• **TASK ITEM**: Repeat the data below with no changes.

• **COLLECTED DATA**:
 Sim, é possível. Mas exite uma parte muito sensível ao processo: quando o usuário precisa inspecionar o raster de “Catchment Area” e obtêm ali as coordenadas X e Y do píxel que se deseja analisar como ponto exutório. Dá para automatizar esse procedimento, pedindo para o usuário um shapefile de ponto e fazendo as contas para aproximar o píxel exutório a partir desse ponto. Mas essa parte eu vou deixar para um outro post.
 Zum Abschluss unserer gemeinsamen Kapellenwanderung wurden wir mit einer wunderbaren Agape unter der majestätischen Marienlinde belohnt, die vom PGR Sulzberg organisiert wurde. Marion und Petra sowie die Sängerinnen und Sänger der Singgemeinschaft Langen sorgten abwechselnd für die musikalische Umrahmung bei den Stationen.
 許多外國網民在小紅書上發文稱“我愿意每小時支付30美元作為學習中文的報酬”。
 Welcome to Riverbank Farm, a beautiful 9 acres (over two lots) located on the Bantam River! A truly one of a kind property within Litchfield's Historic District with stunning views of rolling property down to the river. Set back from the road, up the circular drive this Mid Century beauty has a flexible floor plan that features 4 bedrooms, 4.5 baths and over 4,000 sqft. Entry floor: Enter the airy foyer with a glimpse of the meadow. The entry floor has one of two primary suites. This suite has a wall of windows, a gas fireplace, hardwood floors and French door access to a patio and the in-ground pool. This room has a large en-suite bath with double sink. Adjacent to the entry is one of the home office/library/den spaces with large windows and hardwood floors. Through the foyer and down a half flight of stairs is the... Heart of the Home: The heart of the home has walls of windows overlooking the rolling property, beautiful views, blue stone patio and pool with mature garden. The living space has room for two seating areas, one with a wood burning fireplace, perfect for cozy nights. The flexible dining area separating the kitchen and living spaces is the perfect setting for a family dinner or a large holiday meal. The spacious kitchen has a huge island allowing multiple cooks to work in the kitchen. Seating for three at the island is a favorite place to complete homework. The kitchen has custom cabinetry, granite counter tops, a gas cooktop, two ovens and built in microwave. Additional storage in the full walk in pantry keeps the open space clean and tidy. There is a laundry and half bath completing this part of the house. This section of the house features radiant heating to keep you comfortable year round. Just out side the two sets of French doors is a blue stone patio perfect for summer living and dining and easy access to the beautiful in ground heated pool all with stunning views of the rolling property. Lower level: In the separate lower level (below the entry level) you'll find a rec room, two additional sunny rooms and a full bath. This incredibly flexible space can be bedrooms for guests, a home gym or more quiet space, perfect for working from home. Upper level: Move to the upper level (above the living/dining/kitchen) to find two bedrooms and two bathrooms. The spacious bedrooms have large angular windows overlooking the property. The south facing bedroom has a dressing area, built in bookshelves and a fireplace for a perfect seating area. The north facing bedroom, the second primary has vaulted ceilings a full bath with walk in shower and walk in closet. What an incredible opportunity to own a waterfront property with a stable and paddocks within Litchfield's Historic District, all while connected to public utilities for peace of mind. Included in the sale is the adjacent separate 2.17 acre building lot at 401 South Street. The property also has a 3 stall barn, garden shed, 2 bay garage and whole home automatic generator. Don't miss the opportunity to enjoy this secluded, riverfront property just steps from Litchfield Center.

• **ANSWER TO THE PROBLEM**:
 Sim, é possível. Mas exite uma parte muito sensível ao processo: quando o usuário precisa inspecionar o raster de “Catchment Area” e obtêm ali as coordenadas X e Y do píxel que se deseja analisar como ponto exutório. Dá para automatizar esse procedimento, pedindo para o usuário um shapefile de ponto e fazendo as contas para aproximar o píxel exutório a partir desse ponto. Mas essa parte eu vou deixar para um outro post.
 Zum Abschluss unserer gemeinsamen Kapellenwanderung wurden wir mit einer wunderbaren Agape unter der majestätischen Marienlinde belohnt, die vom PGR Sulzberg organisiert wurde. Marion und Petra sowie die Sängerinnen und Sänger der Singgemeinschaft Langen sorgten abwechselnd für die musikalische Umrahmung bei den Stationen.
 許多外國網民在小紅書上發文稱“我愿意每小時支付30美元作為學習中文的報酬”。
 Welcome to Riverbank Farm, a beautiful 9 acres (over two lots) located on the Bantam River! A truly one of a kind property within Litchfield's Historic District with stunning views of rolling property down to the river. Set back from the road, up the circular drive this Mid Century beauty has a flexible floor plan that features 4 bedrooms, 4.5 baths and over 4,000 sqft. Entry floor: Enter the airy foyer with a glimpse of the meadow. The entry floor has one of two primary suites. This suite has a wall of windows, a gas fireplace, hardwood floors and French door access to a patio and the in-ground pool. This room has a large en-suite bath with double sink. Adjacent to the entry is one of the home office/library/den spaces with large windows and hardwood floors. Through the foyer and down a half flight of stairs is the... Heart of the Home: The heart of the home has walls of windows overlooking the rolling property, beautiful views, blue stone patio and pool with mature garden. The living space has room for two seating areas, one with a wood burning fireplace, perfect for cozy nights. The flexible dining area separating the kitchen and living spaces is the perfect setting for a family dinner or a large holiday meal. The spacious kitchen has a huge island allowing multiple cooks to work in the kitchen. Seating for three at the island is a favorite place to complete homework. The kitchen has custom cabinetry, granite counter tops, a gas cooktop, two ovens and built in microwave. Additional storage in the full walk in pantry keeps the open space clean and tidy. There is a laundry and half bath completing this part of the house. This section of the house features radiant heating to keep you comfortable year round. Just out side the two sets of French doors is a blue stone patio perfect for summer living and dining and easy access to the beautiful in ground heated pool all with stunning views of the rolling property. Lower level: In the separate lower level (below the entry level) you'll find a rec room, two additional sunny rooms and a full bath. This incredibly flexible space can be bedrooms for guests, a home gym or more quiet space, perfect for working from home. Upper level: Move to the upper level (above the living/dining/kitchen) to find two bedrooms and two bathrooms. The spacious bedrooms have large angular windows overlooking the property. The south facing bedroom has a dressing area, built in bookshelves and a fireplace for a perfect seating area. The north facing bedroom, the second primary has vaulted ceilings a full bath with walk in shower and walk in closet. What an incredible opportunity to own a waterfront property with a stable and paddocks within Litchfield's Historic District, all while connected to public utilities for peace of mind. Included in the sale is the adjacent separate 2.17 acre building lot at 401 South Street. The property also has a 3 stall barn, garden shed, 2 bay garage and whole home automatic generator. Don't miss the opportunity to enjoy this secluded, riverfront property just steps from Litchfield Center.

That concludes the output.